"Tidak, pak, saya tidak bisa. Saya memiliki janji kepada orang tua saya, juga kepada Sang Khalik, untuk menjaga kesucian diri saya. Saya tidak bisa menerima tawaran bapak. Saya mohon maaf, pak."
Wajah pak bos berubah masam. Bibirnya sedikit mengucap sumpah serapah, walaupun tidak jelas tertangkap di telinga Dina. Akhirnya ia berseru, "Ya, sudah, kamu bereskan pekerjaan - pekerjaan itu. Ingat, harus selesai malam ini! Jika tidak, kamu akan saya berhentikan. Ingat itu!"
Dengan berat hati, Dina mengangguk, "Baik, pak. Saya akan selesaikan malam ini."
Dina mengambil berkas - berkas itu dan mohon diri. Walaupun tubuhnya lelah, namun Dina merasa bahwa langkah - langkahnya mantap. Entah dari mana kekuatan itu berasal. Setibanya di ruangan, Renny terkejut melihatnya membawa banyak berkas.
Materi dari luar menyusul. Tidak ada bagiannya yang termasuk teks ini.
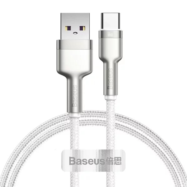 Cablu Baseus Cafule Series Metal USB la USB-C, 66 W, 2 m, alb
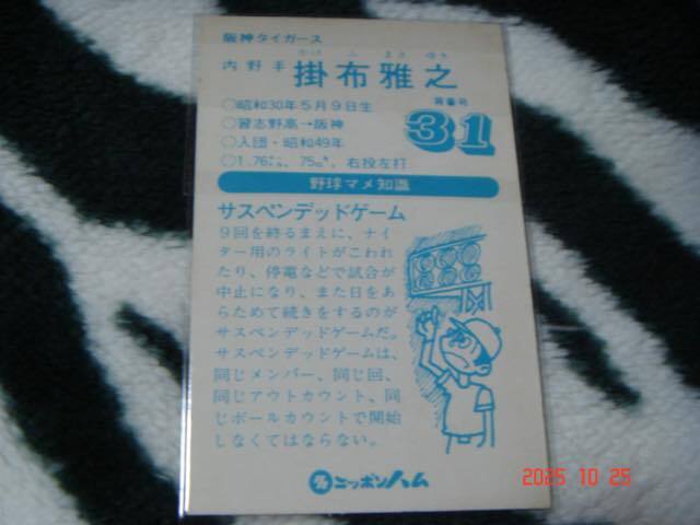 激レア ニッポンハム ソーセージ・カード (掛布/阪神) A 美品
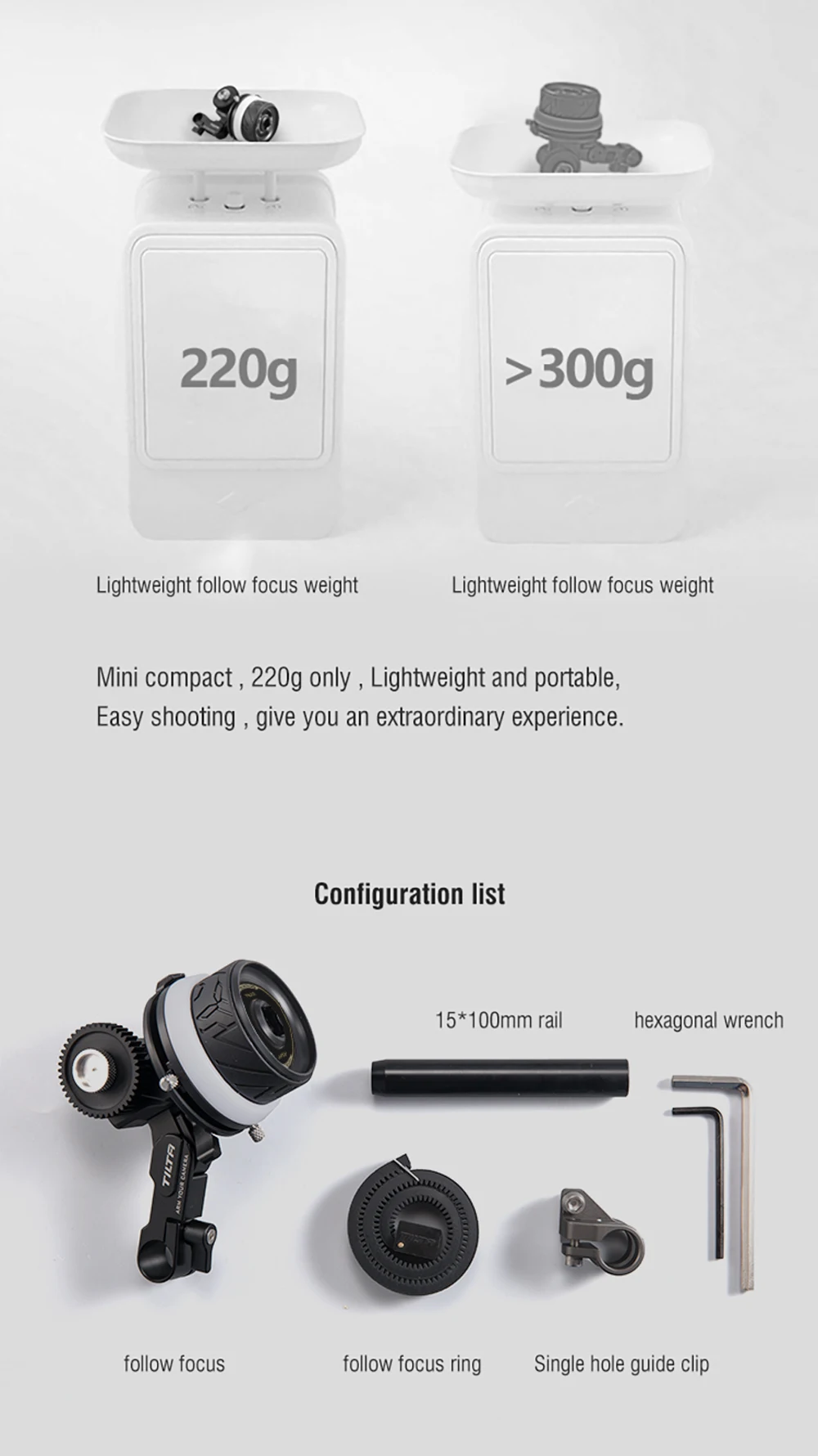 Фокусировка Mini Follow сделана как единое устройство с возможностью регулировки крепления одного стержня для любого размера объектива cine или фотообъектива. Одно Крепление стержня крепится к любому стандартному рельсу 15 мм.
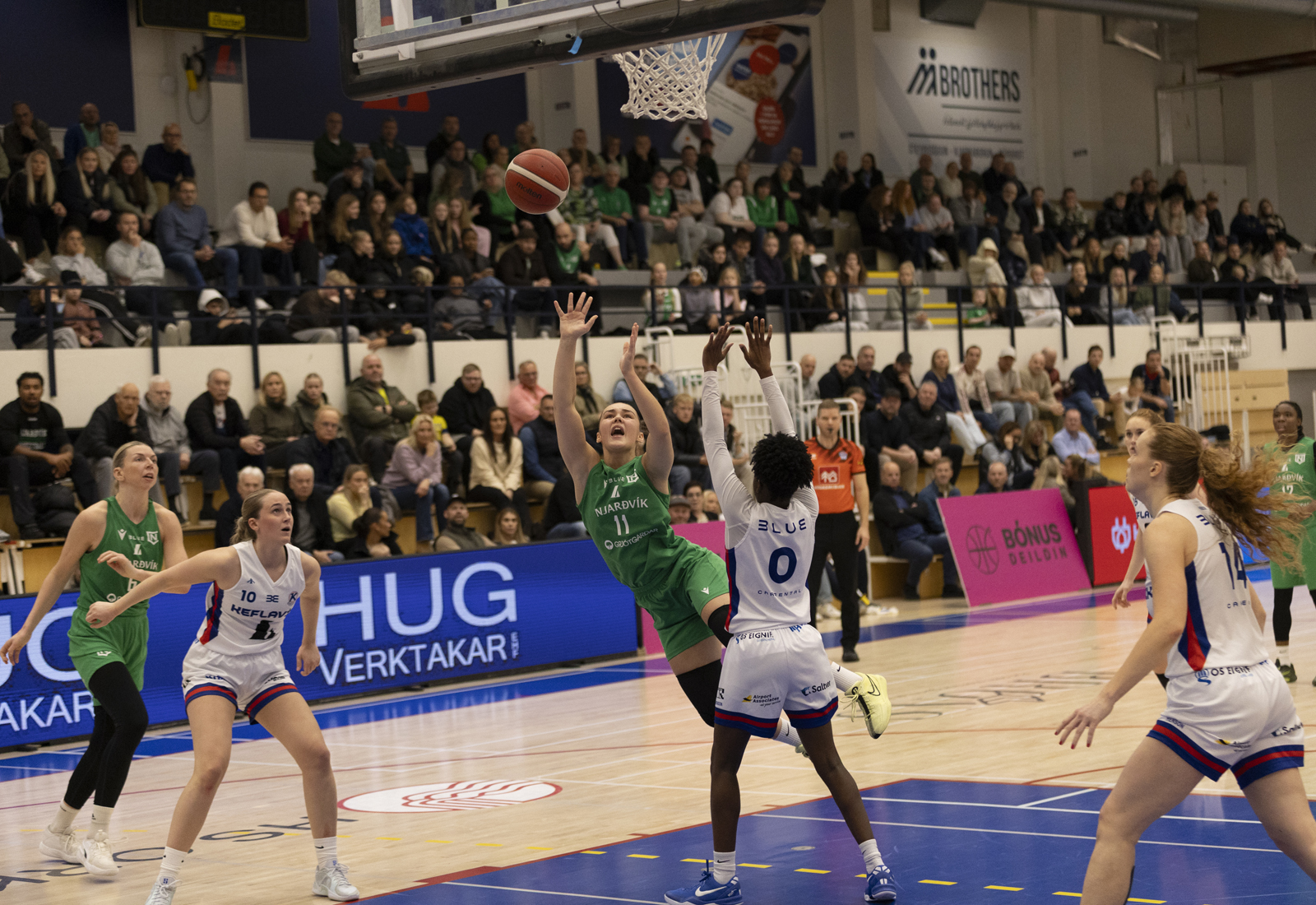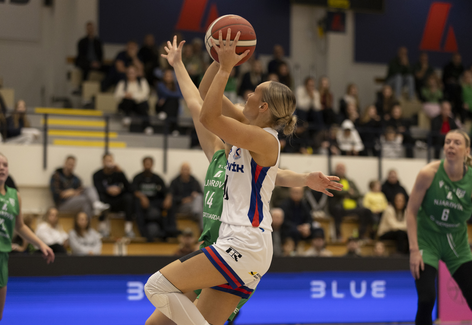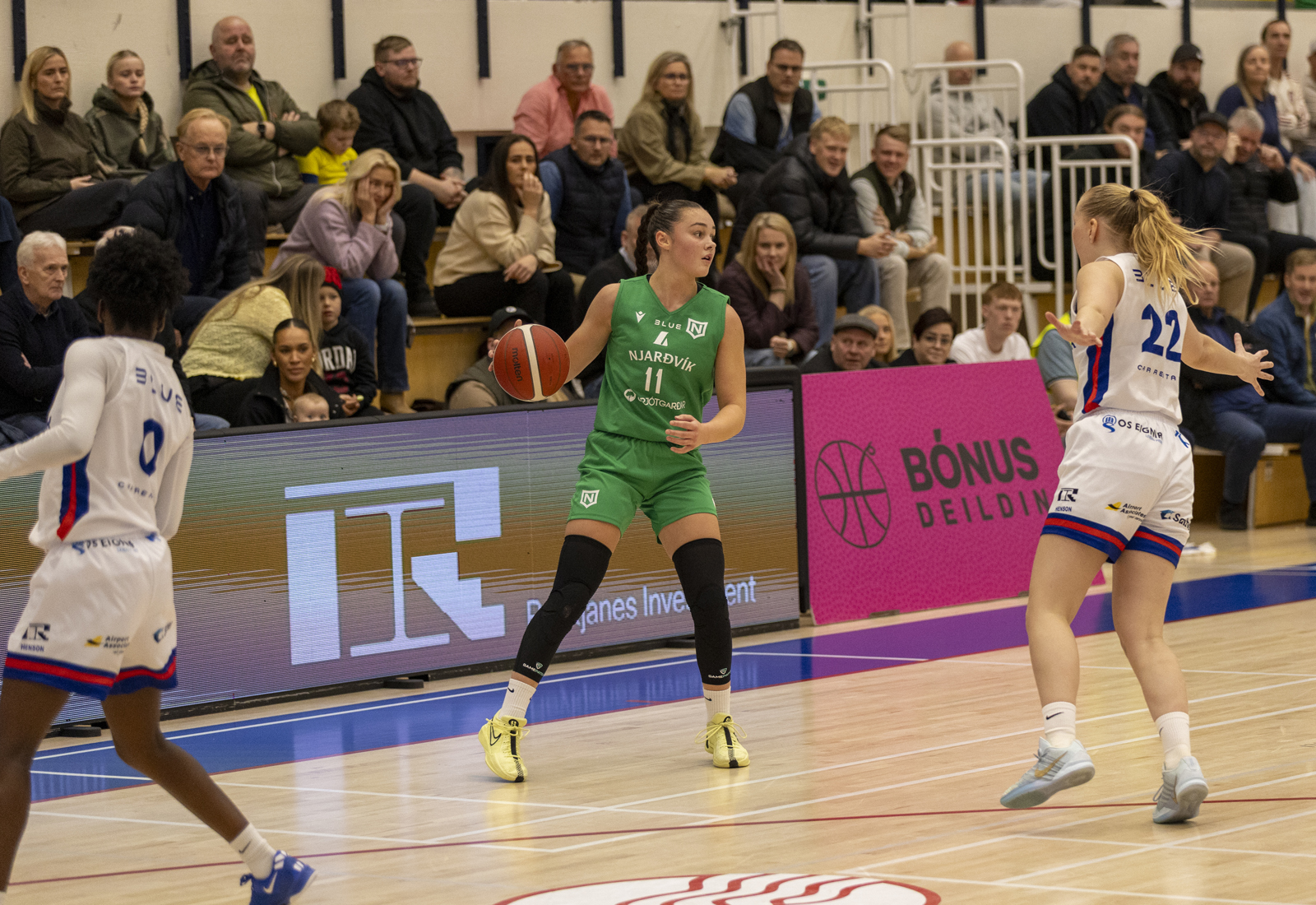Njarðvík fór með sigur á Keflavík í 6. umferð Bónusdeildar kvenna en leikurinn fór fram í Blue-höllinni í Keflavík síðdegis. Montrétturinn er því í Njarðvík og Reykjanesbær þar með grænn.
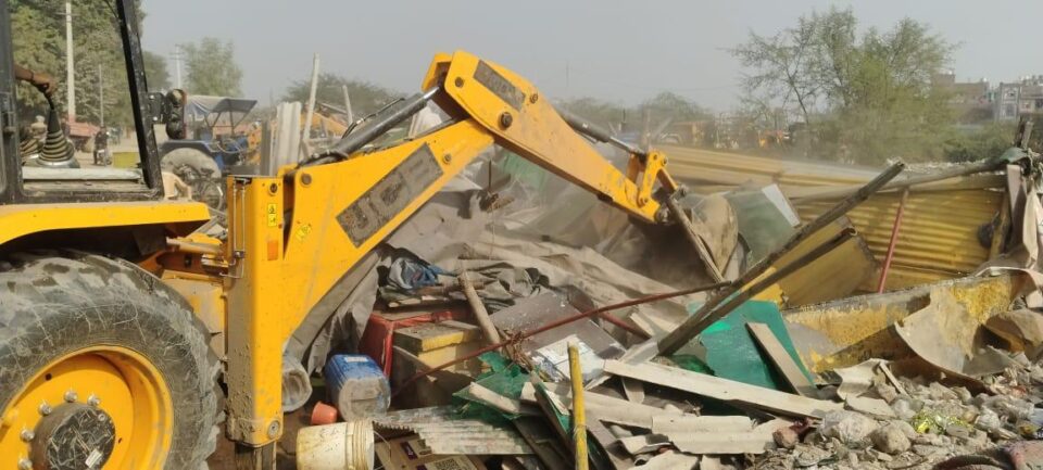फरीदाबाद: डीटीपी एनफोर्समेंट, फरीदाबाद की टीम ने आज शुक्रवार को अतिक्रमण एवं अवैध कब्ज़ा हटा ओ अभियान के तहत ओखला एन्क्लेव, दुर्गा बिल्डर्स ,सेक्टर-91,फरीदाबाद में अतिक्रमण एवं अवैध कब्जे को हटाया गया, जिनमें 17 अस्थाई ढांचे, जैसे मांस बाजार, भवन निर्माण सामग्री विक्रेता व दो बाउंड्रीवाल ,और दो दुकानें सहित अन्य रेहड़ी-पटरी-खोखे शामिल है। इस तोड़फोड़ की कार्रवाई में एक अर्थमूवर मशीन का इस्तेमाल किया गया,यह तोड़फोड़ की कार्रवाई भारी पुलिस बल के साए में की गई है। यह जानकारी डीटीपी एनफोर्समेंट यजन चौधरी ने दी है। सवाल के जवाब में उनका कहना है कि उनकी तोड़फोड़ की यह कार्रवाई आगे भी जारी रहेगी।
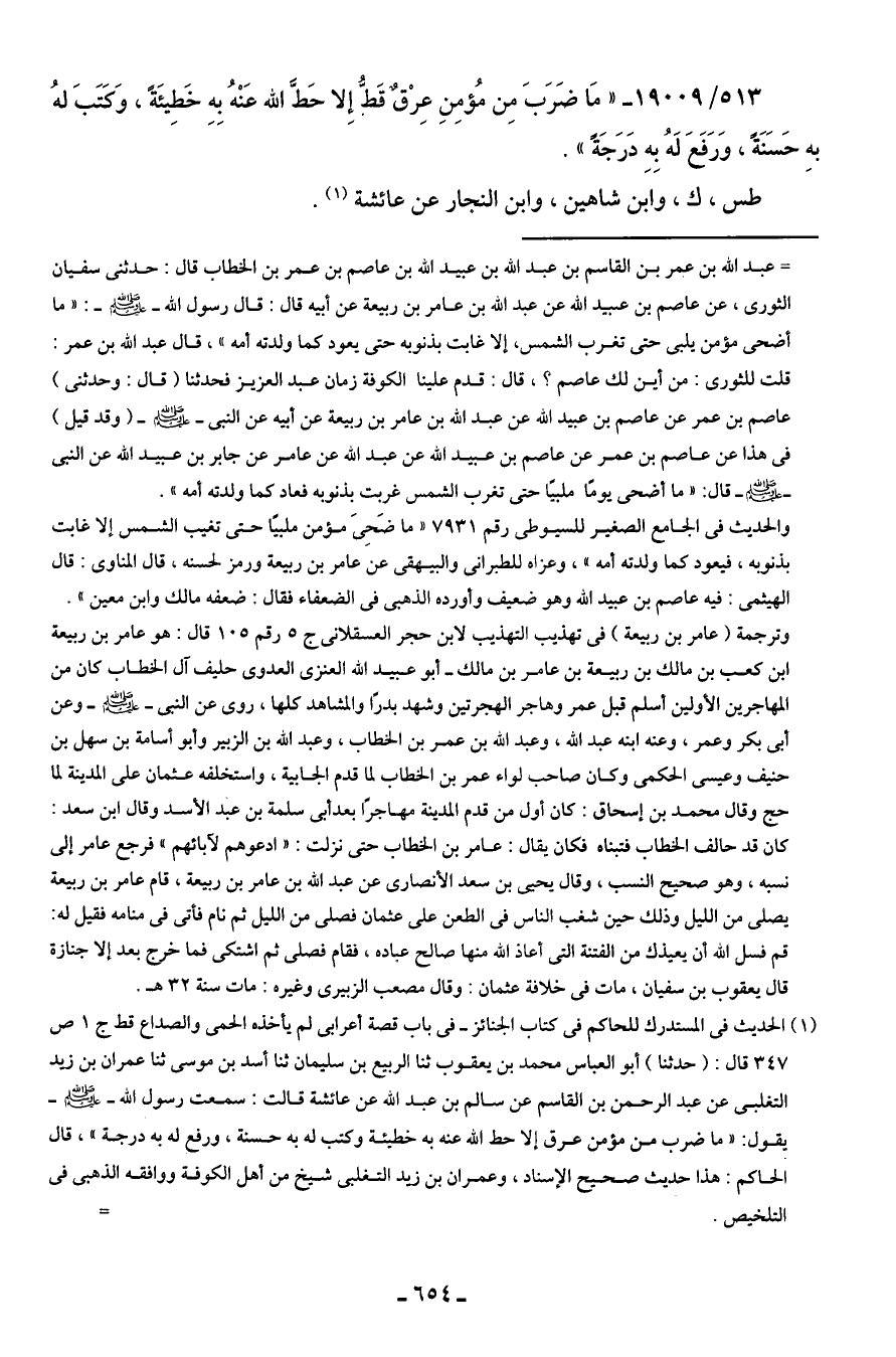 (¬1) الحديث في المستدرك للحاكم في كتاب الجنائز - في باب قصة أعرابي لم يأخذه الحمى والصداع قط ج 1 ص 347 قال: (حدثنا) أبو العباس محمَّد بن يعقوب ثنا الربيع بن سليمان ثنا أسد بن موسى ثنا عمران بن زيد التغلبى عن عبد الرحمن بن القاسم عن سالم بن عبد الله عن عائشة قالت: سمعت رسول الله - صَلَّى الله عليه وسلم - يقول: "ما ضرب من مؤمن عرق إلا حي الله عنه به خطيئة وكتب له به حسنة، ورفع له به درجة"، قال الحاكم: هذا حديث صحيح الإسناد، وعمران بن زيد التغلبى شيخ من أهل الكوفة ووافقه الذهبي في التلخيص. =
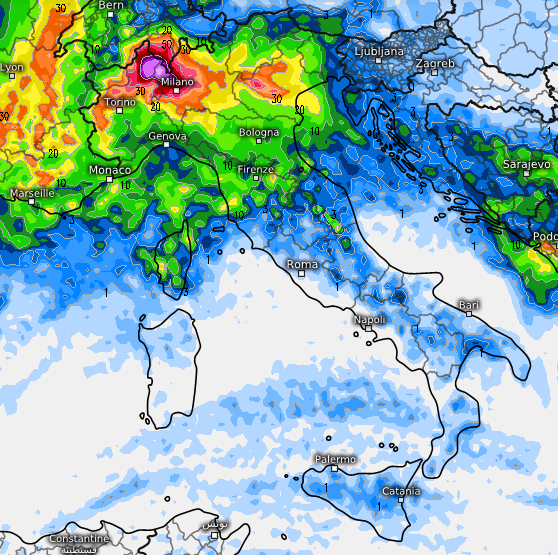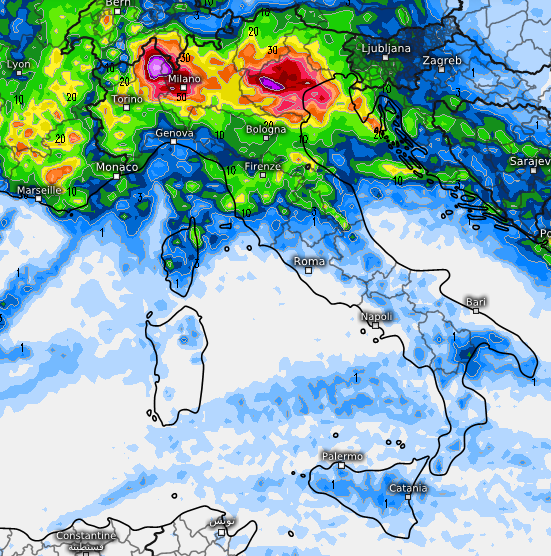 Sono attesi accumuli di pioggia anche superiori ai 150mm in 24 ore con rischio di nubifragi sino a giovedì mattina soprattutto su alta pianura lombarda, Biellese, Cusio, Ossola, zona laghi lombardi, Canton Ticino, specie Locarnese, Comasco, Lecchese, Varesotto, basso Trentino, zona del Garda, Prealpi Venete, Vicentino, Veronese, Padovano, zona dei Colli Euganei soprattutto, e poi Veneziano.
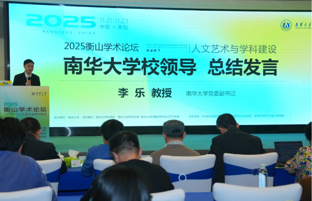 2025年11月21至23日,“衡山论坛学术大会”在南华大学顺利举办。此次论坛以“人文艺术与学科建设”为主题,汇聚了来自中央美术学院、清华大学、江南大学等多所高校、科研院所的300多位专家学者及师生代表。旨在凝聚学界、业界共识,聚焦人文艺术领域学术研究的范式创新与学科体系的系统性重构,为构建中国式现代化的学科发展新格局和社会主义现代化强国贡献人文艺术领域的智慧与力量。
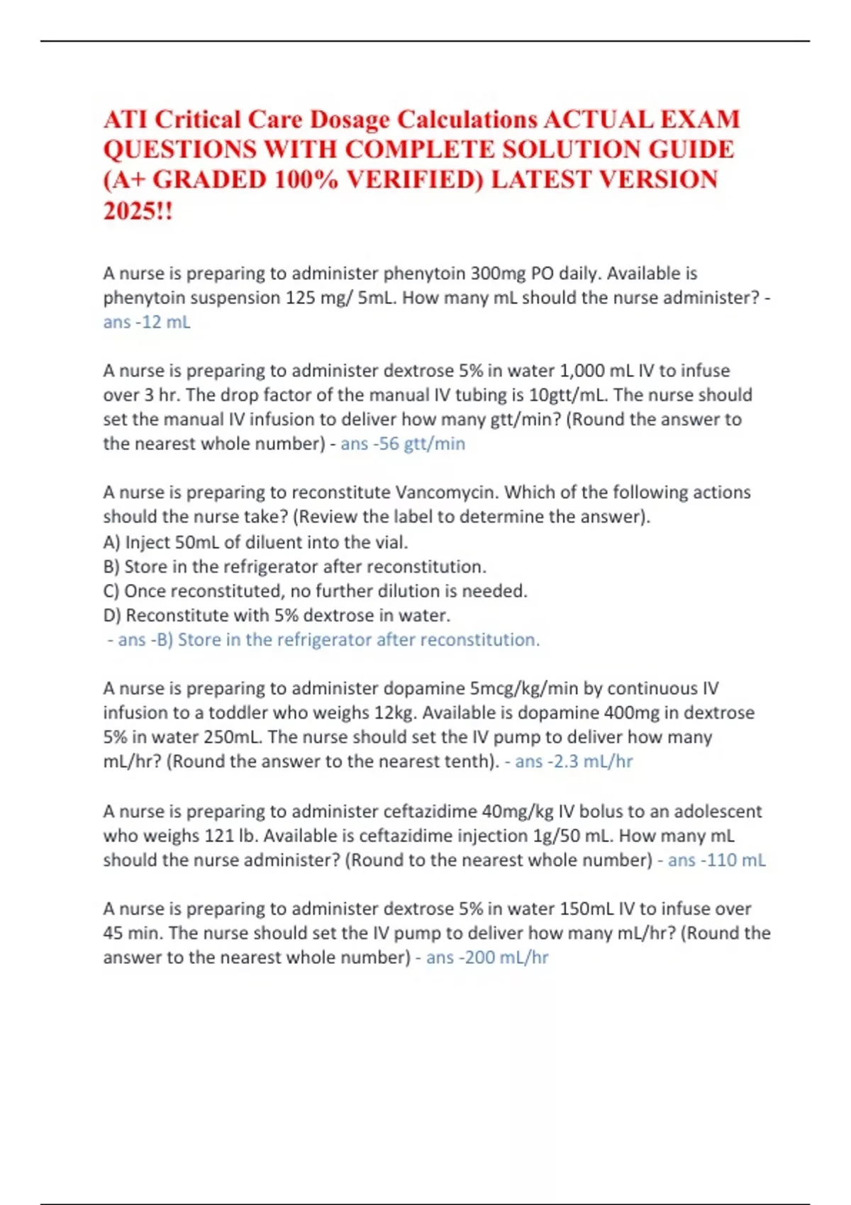 ATI Critical Care Dosage Calculations ACTUAL EXAM QUESTIONS WITH COMPLETE SOLUTION GUIDE (A+ GRADED 100% VERIFIED) LATEST VERSION 2025!!
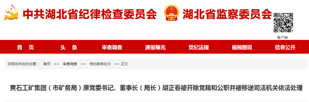 2、黄石工矿集团(市矿务局)原党委书记、董事长(局长)胡正春被开除党籍和公职并被移送司法机关依法处理

"Kamu tidak menerima tawarannya? Kamu benar - benar gila, Dina!"
Giliran Dina yang terkejut. "Apa maksudmu, Renny?"
Renny menaikkan alis, "Semua orang di kantor ini juga sudah tahu. Ini adalah rahasia perusahaan. Apa kamu tidak curiga waktu aku tiba - tiba pulang hari Senin lalu?"
Dina terkejut. "Kamu menerima tawarannya?"
"Tentu saja. Siapa yang mau berurusan dengan data - data bodoh ini, sis. Apalagi rumah pak bos ternyata besar, isinya membuat kamu nyaman dan lupa daratan. Tapi..."
"Tapi apa?"
Renny menengok memandangi Dina dan menunjukkan wajah menyesal, "Kejadian di malam itu terngiang - ngiang, sis, selalu terbayang di setiap malam setiap aku mau tidur. Aku tidak bisa bilang di sini, karena aku takut percakapan kita ada yang dengar, tapi aku berani bilang bahwa kamu membuat keputusan yang tepat. Kamu benar dalam mempertahankan harga dirimu, sis."